Lincolnshire

Jan Sobieraj: Our plan for Lincolnshire’s hospitals this winter

Each year we expect winter to be worse than previous years. In Lincolnshire our population is getting older and has greater healthcare needs. In preparation for winter all of our plans are geared up towards an increase in demand.

Throughout the year we keep an eye on the needs of our patients and the demand on our services, so we can forecast as close as we can what’s going to turn up.

This year’s plan has been developed for some time and in some ways it feels as if winter has arrived at our hospitals as we are already seeing increased numbers turning up at our A&E departments.

Plans are in place to make sure patients coming to our emergency departments see the correct doctors or services they need to. However, we know that around 30% of people who visit A&E could be seen or treated by services outside of hospital.

We ask that people keep A&Es for those with serious or life-threatening illnesses. You can help us by using the other services on offer. This can include self-care, a pharmacy, a GP or practice nurse, GP out of hours services, local urgent care and minor injury services and NHS 111.

Our overall winter plan is robust, but there is no doubt that our services are under huge pressure so we need to make sure that we help patients and carers know where best to go to get the right care. The days of opening lots of extra wards and increasing the footprint of the hospital are gone and we know that patients can be safely cared for in or close to their own homes.

Within the hospital we have schemes designed for us to be a lot more efficient as we know from patients that waiting for things like drugs, diagnostics or assessments, in order for them to go home annoys and frustrates them. We have a number of initiatives in place to help reduce the amount of time people spend in our beds and stay on our wards.

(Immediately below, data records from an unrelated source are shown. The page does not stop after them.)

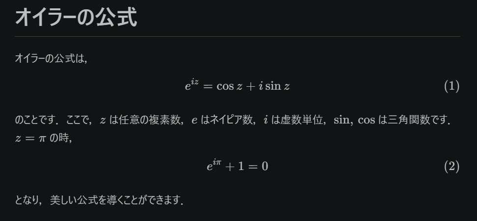 のことです.ここで,$z$ は任意の複素数,$e$ はネイピア数,$i$ は虚数単位,$\sin,\,\cos$ は三角関数です.$z=\pi$ の時,
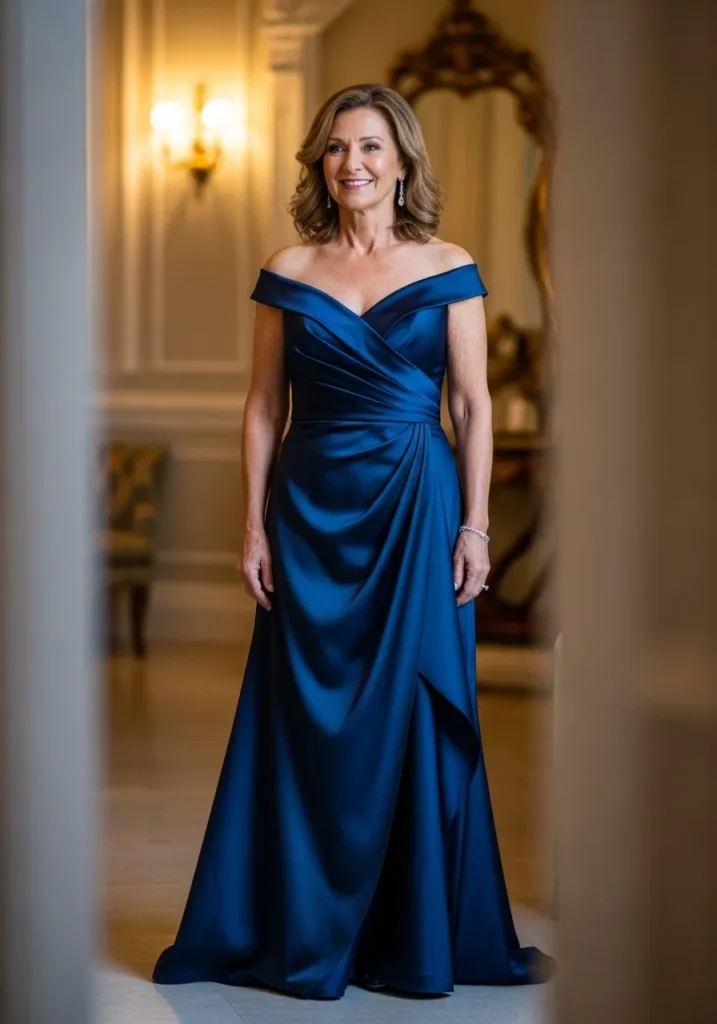 This navy blue satin mother of the bride gown features an off shoulder neckline and soft draping across the bodice, creating a sleek and glamorous silhouette. The rich fabric catches the light beautifully, giving the gown depth and luxurious shine.
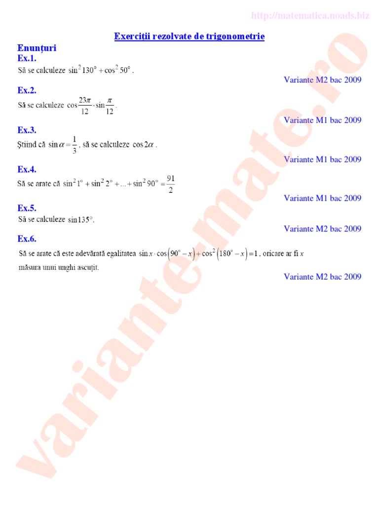 Variante Mate Ro Exerciţii Rezolvate De Trigonometrie Enunţuri
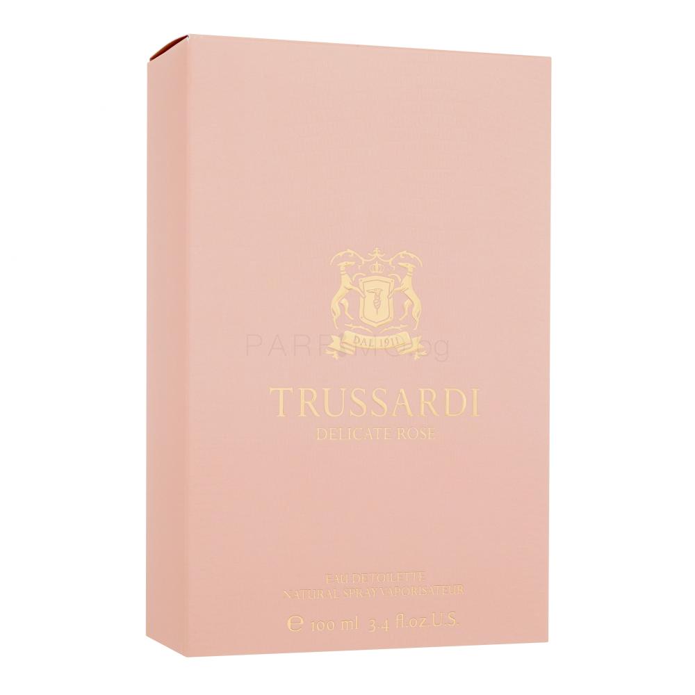Розата. Изключително цвете, наричано кралицата на цветята. Цвете, което е уникално с това, че е крехко и също така невероятно опасно благодарение на острите си бодли. Подобно на жена, която крие и двете страни под мистериозен, очарователен воал. Ароматът на тоалетната вода Delicate Rose на Trussardi, чиято основна съставка е розата, се отличава с доминиращи романтични акорди. Акорди, които ще подчертаят вашата женствена и изключително съблазнителна страна. Ароматът е лансиран през 2013 г.

I would like to reassure everyone that people will only go home when they are assessed as medically fit for discharge. We rely on our senior medical team and senior nursing professionals to make that assessment, but once this has been agreed we do think patients should move promptly as they can be safely looked after elsewhere.

Despite our efforts, at most times in the hospital there are a number of patients who are medically fit and well, but there may be a number of different things stopping them from getting home or into an appropriate placement. We are working really closely with community and social care colleagues to tackle these delays and so make space for other more needy patients.

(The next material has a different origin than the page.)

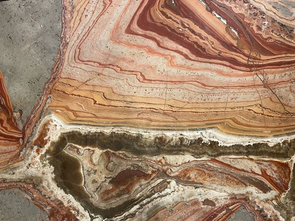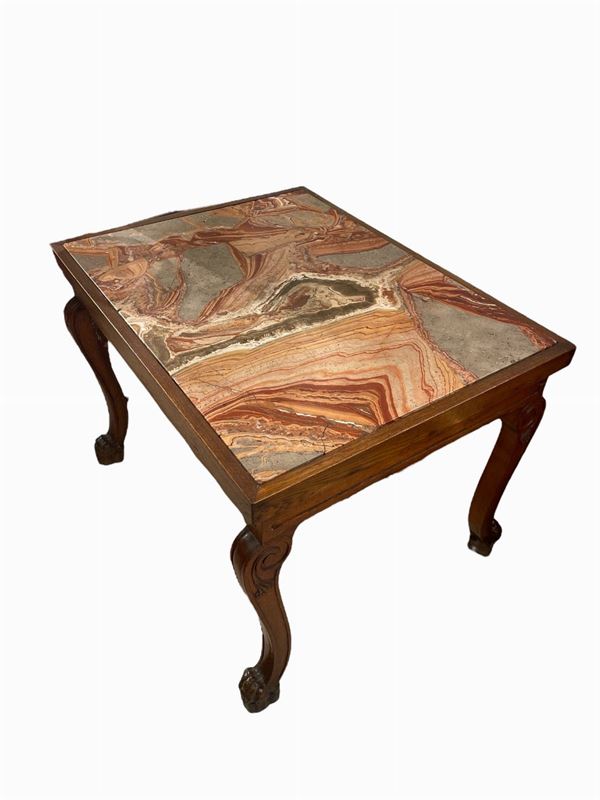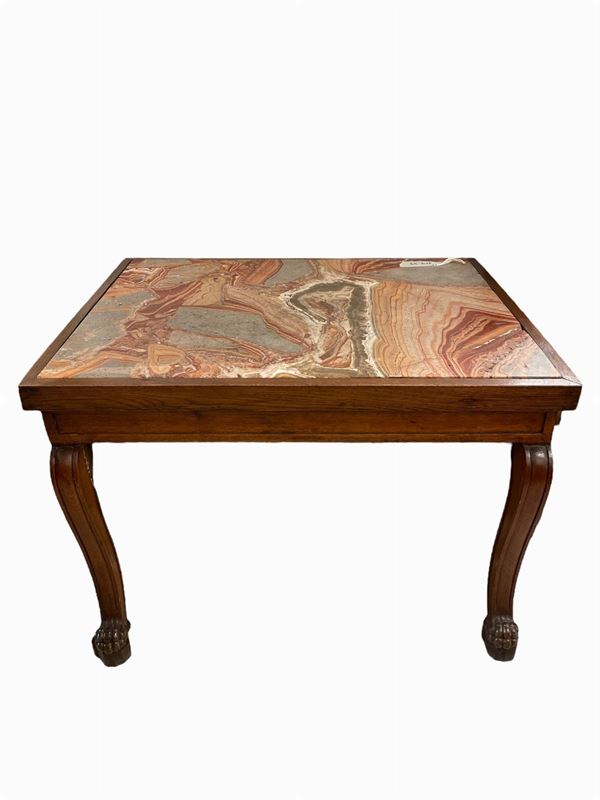 Di forma rettangolare, in legno di rovere intagliato con 4 piedi con finale a zampa di leone, piano superiore incassato in marmo portasanta. Manifattura inglese di linea Regency.
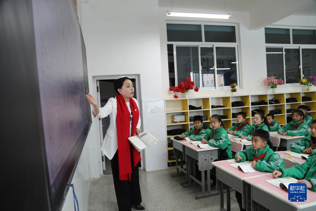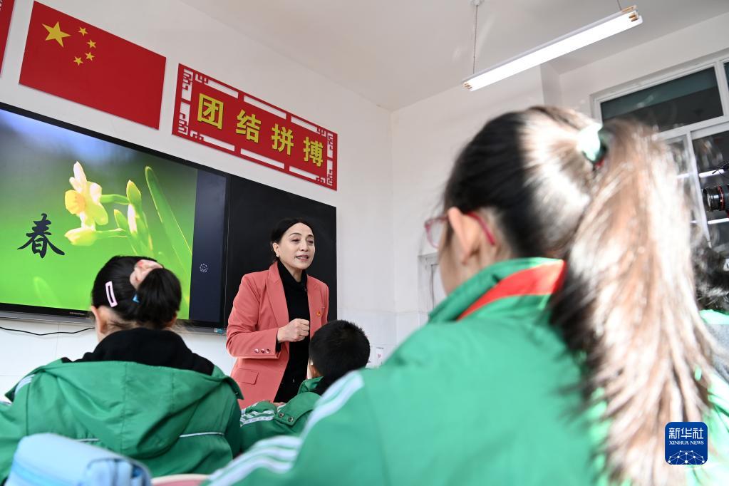 董彩云在甘肃临夏积石山保安族东乡族撒拉族自治县吹麻滩小学给孩子们上语文课(2021年2月28日摄)。

But we also need your help. If you are a patient and know you are coming in for planned surgery or any other treatment, we would ask that you make plans with your family and friends for your discharge before coming in.

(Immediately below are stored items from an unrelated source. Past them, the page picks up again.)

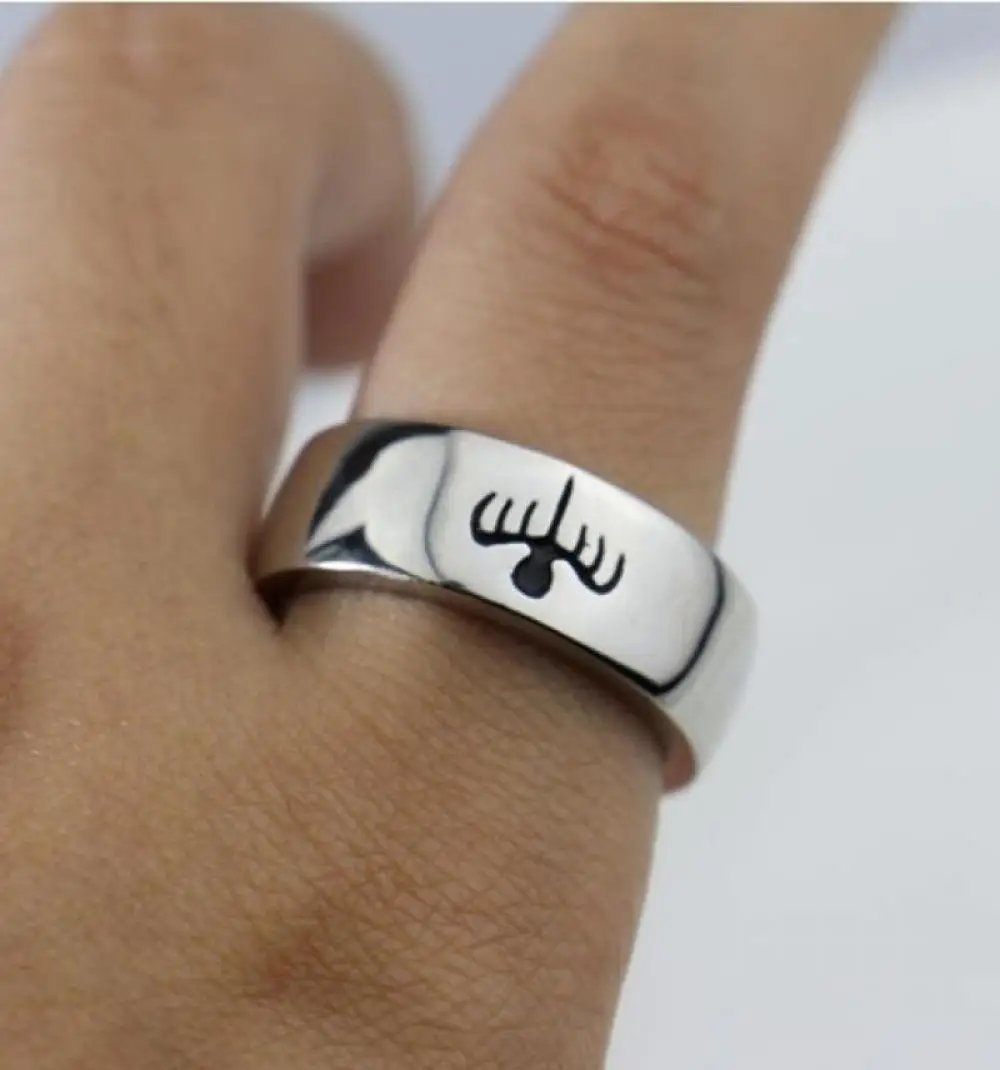 Trendy Stainless Steel Mysterious Rune Pattern Ring Men's Ring Argentate Polished Amulet Ring Jewelry Accessory Party Gift
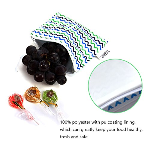 - Food Safe Fabric- Made of 100% food-safe polyester outside & 100% polyester with pu coating lining,which can greatly keep your food healthy,fresh and safe.No more plastic baggies waste after using reusable snack bags.
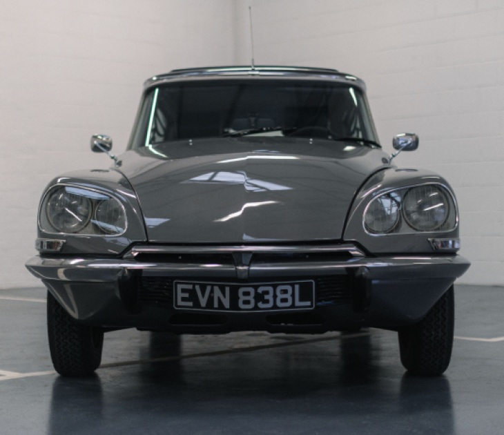 Add a sense of occasion to any drive with this gorgeous Citroën DS 23 Pallas for hire.

Alternatively, if you have a relative who has come in as an emergency patient it may be you can help play a part in helping to get them home as soon as they are ready and assist us in our discharge plans.

To help prevent outbreaks of the highly contagious norovirus, which usually is brought into the hospital, visitors to hospitals are reminded not to visit if they have had diarrhoea and or sickness in the last three days. Children under five should not visit. Those who are visiting should regularly wash their hands, including when they enter and leave ward areas to prevent any potential spread of the virus.